## GIVEN ENTRIES
= Beginning of Section =

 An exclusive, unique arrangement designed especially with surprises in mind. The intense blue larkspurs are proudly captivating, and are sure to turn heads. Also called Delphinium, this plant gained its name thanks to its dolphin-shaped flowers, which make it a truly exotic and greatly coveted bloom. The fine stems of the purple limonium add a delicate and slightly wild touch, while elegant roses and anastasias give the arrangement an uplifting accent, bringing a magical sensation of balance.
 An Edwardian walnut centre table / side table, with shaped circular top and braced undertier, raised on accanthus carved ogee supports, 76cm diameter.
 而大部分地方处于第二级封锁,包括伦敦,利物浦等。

= End of Section =
= Beginning of Section =

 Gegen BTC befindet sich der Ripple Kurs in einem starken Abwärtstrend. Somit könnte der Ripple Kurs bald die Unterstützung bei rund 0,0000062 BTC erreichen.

= End of Section =

## WHAT NEEDS TO BE DONE
Here the job is to set down exactly the lines of the material above that fall between the one with "An exclusive, unique" and the one with "而大部分地方处于第二级封锁,包括伦敦,利物浦等。", inclusive, and nothing beyond them.

## RESPONSE FOR THIS EXERCISE
 An exclusive, unique arrangement designed especially with surprises in mind. The intense blue larkspurs are proudly captivating, and are sure to turn heads. Also called Delphinium, this plant gained its name thanks to its dolphin-shaped flowers, which make it a truly exotic and greatly coveted bloom. The fine stems of the purple limonium add a delicate and slightly wild touch, while elegant roses and anastasias give the arrangement an uplifting accent, bringing a magical sensation of balance.
 An Edwardian walnut centre table / side table, with shaped circular top and braced undertier, raised on accanthus carved ogee supports, 76cm diameter.
 而大部分地方处于第二级封锁,包括伦敦,利物浦等。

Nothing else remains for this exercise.